◆ **Try it**: Quote the lines of the data below verbatim, beginning at the line that contains "Пришёл он, правда, с" and ending at the last line, both included, and excluding pictures.

═════ Supplied records ═════

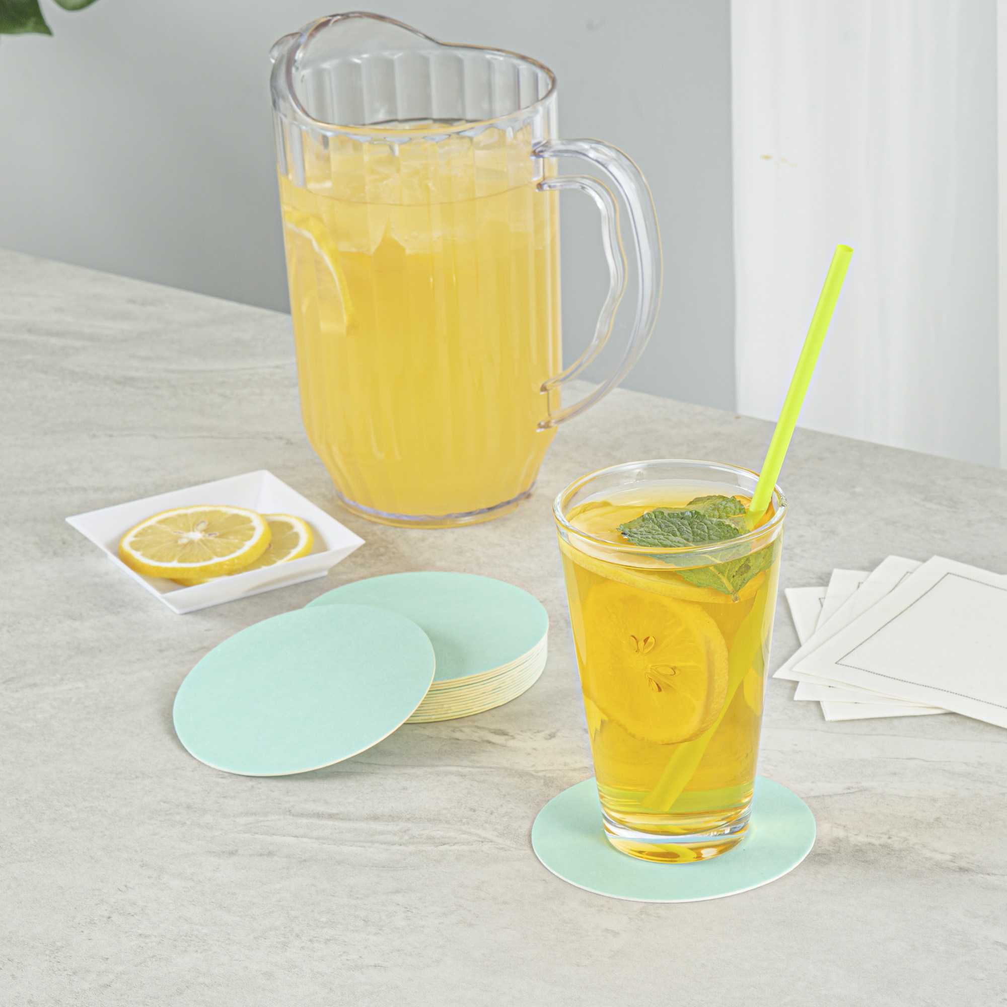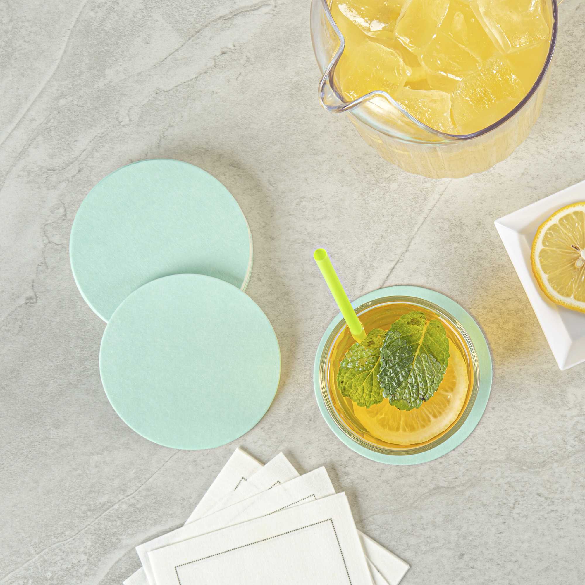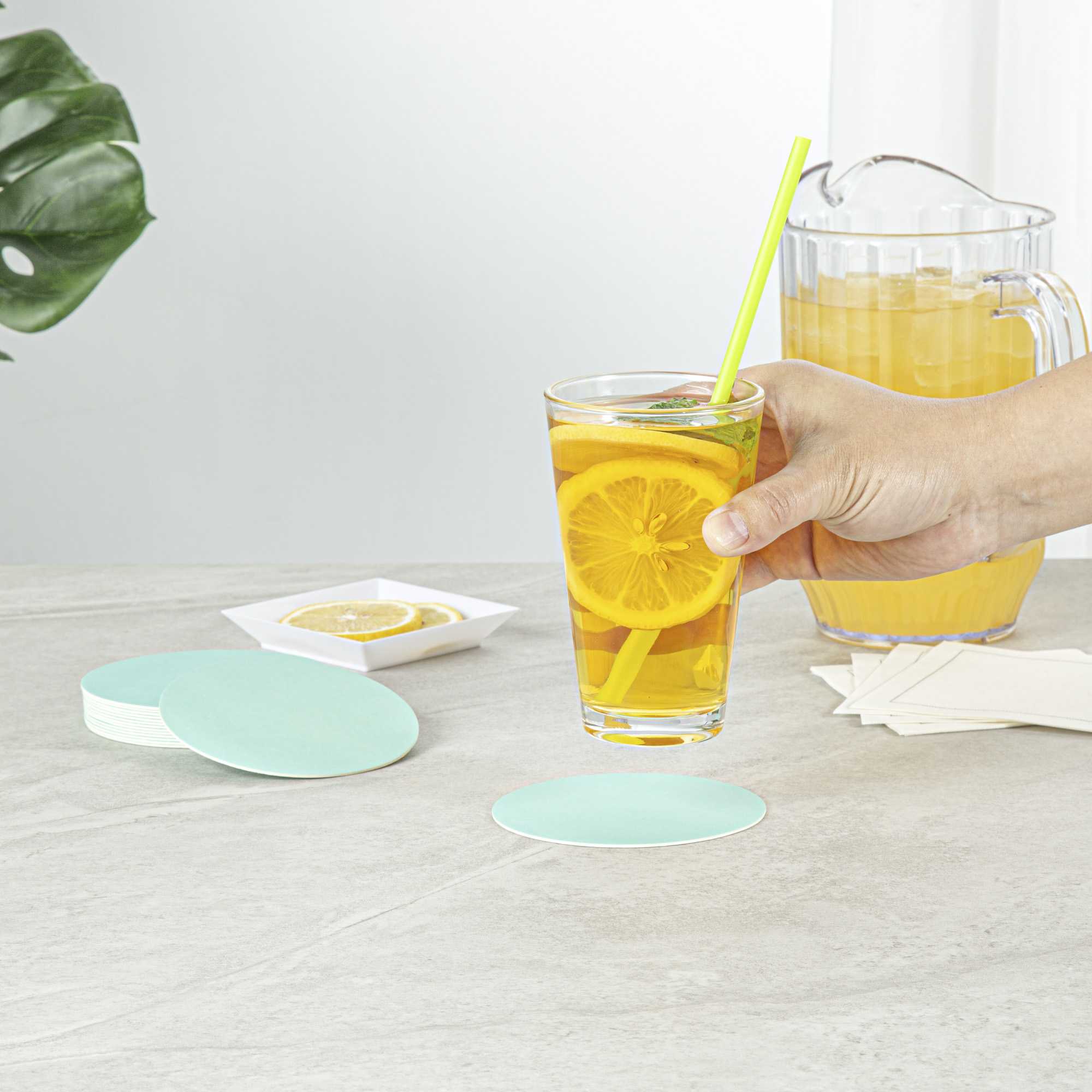 Enhance your tabletop presentation with vibrant drink coasters. The Bar Lux Absorbent Drink Coaster combines a high-density absorbent board with a reusable design, providing a solution that minimizes thickness while protecting surfaces from condensation. The absorbent coaster quickly soaks up moisture, making it ideal for both hot and cold beverages. With full-color printing capabilities, this customizable coaster allows you to elevate your brand's image and harmonize with your decor. Its lightweight, 4-inch round design accommodates various glassware sizes, ensuring versatility in any setting. Made from high-quality paper, these coasters are tear-resistant and disposable, simplifying cleanup and inventory management. Whether you're a bar or cafe, these coasters offer a decorative touch that complements any interior design. Embrace sustainability and cost-effectiveness with coasters that can be reused after a quick air drying. Each order includes 100 Bar Lux Absorbent Drink Coaster.
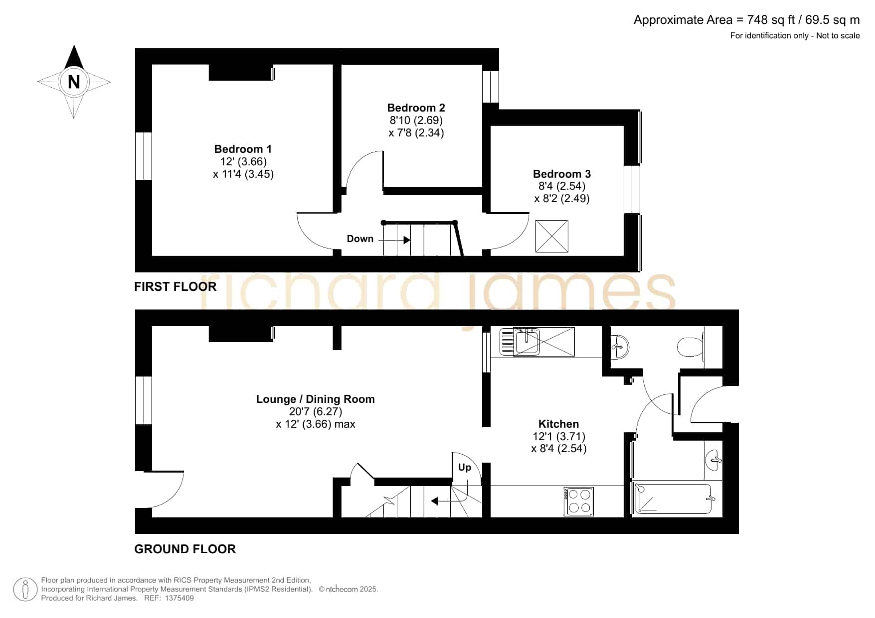 The ground floor features a spacious lounge/dining room complete with a fireplace and character beams, adding warmth and traditional charm to the living space. The kitchen, positioned at the back leads through to a ground-floor bathroom and separate WC.
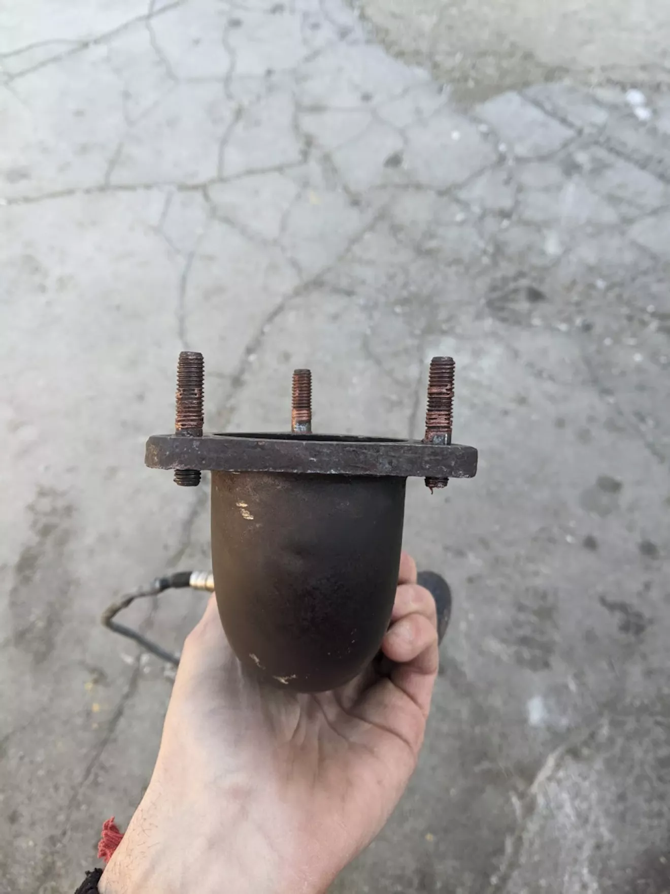 Пришёл он, правда, с проблемами: одна шпилька выкрутилась вручную, а остальные две не поддавались даже с помощью инструмента и пары матерных слов. Но сварка решает все вопросы — хотя не с первого раза! :))
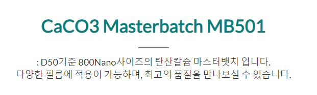 D50기준 800Nano사이즈의 탄산칼슘 마스터뱃치 입니다. 다양한 필름에 적용이 가능하며, 최고의 품질을 만나보실 수 있습니다.
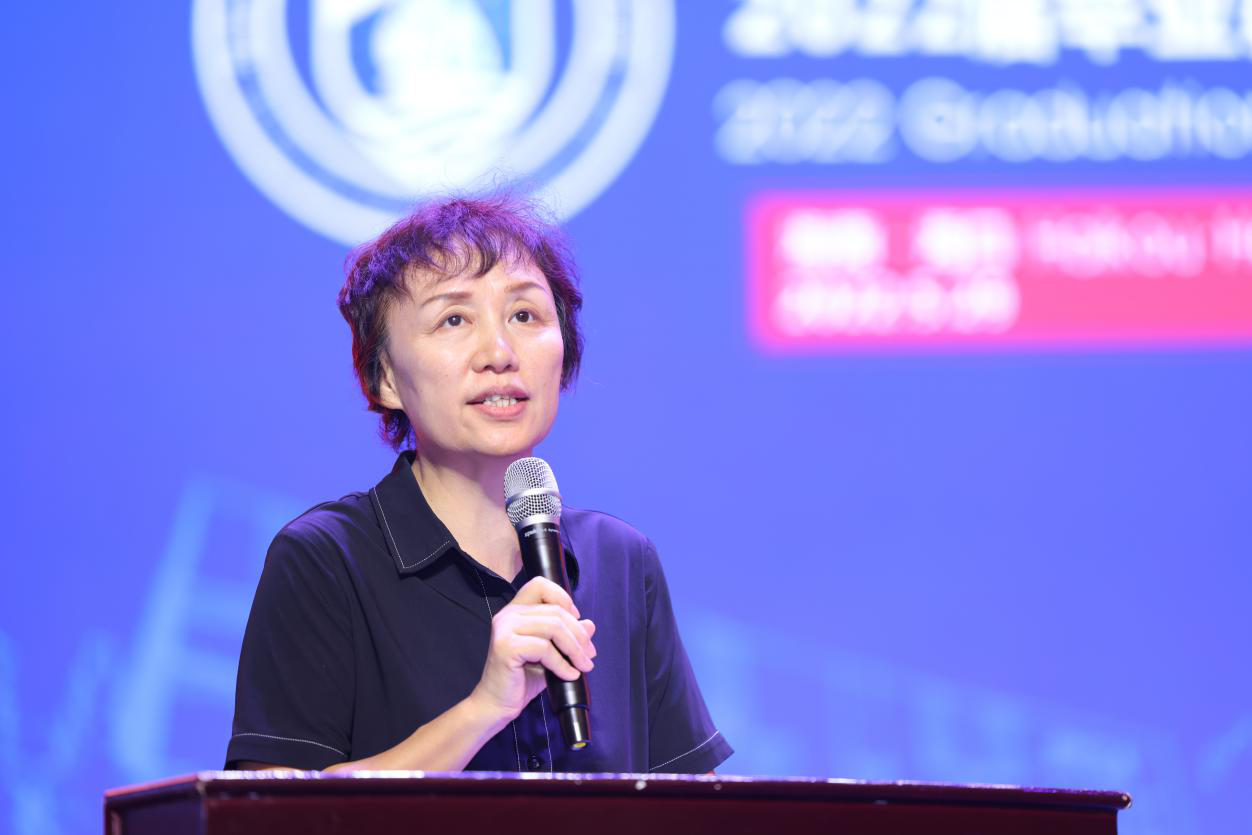 在经理致辞环节中,王琳经理代表HAITC的全体教职工为2022届毕业生送出最诚挚的祝贺和祝福。她同时告诫同学们,在这个充满了变革的大时代,在走向社会时也要学会调整预期、控制增量,适度调整自己的社交圈层、将更多的关注投向身边人,不断增强并保持幸福感。还要建立并保持长期的使命感与个人信念,理性面对所面临的处境和问题,使自己能够长远并坚定地沿着既定目标走下去。

═════

◆ **Response below**:
 Пришёл он, правда, с проблемами: одна шпилька выкрутилась вручную, а остальные две не поддавались даже с помощью инструмента и пары матерных слов. Но сварка решает все вопросы — хотя не с первого раза! :))
 D50기준 800Nano사이즈의 탄산칼슘 마스터뱃치 입니다. 다양한 필름에 적용이 가능하며, 최고의 품질을 만나보실 수 있습니다.
 在经理致辞环节中,王琳经理代表HAITC的全体教职工为2022届毕业生送出最诚挚的祝贺和祝福。她同时告诫同学们,在这个充满了变革的大时代,在走向社会时也要学会调整预期、控制增量,适度调整自己的社交圈层、将更多的关注投向身边人,不断增强并保持幸福感。还要建立并保持长期的使命感与个人信念,理性面对所面临的处境和问题,使自己能够长远并坚定地沿着既定目标走下去。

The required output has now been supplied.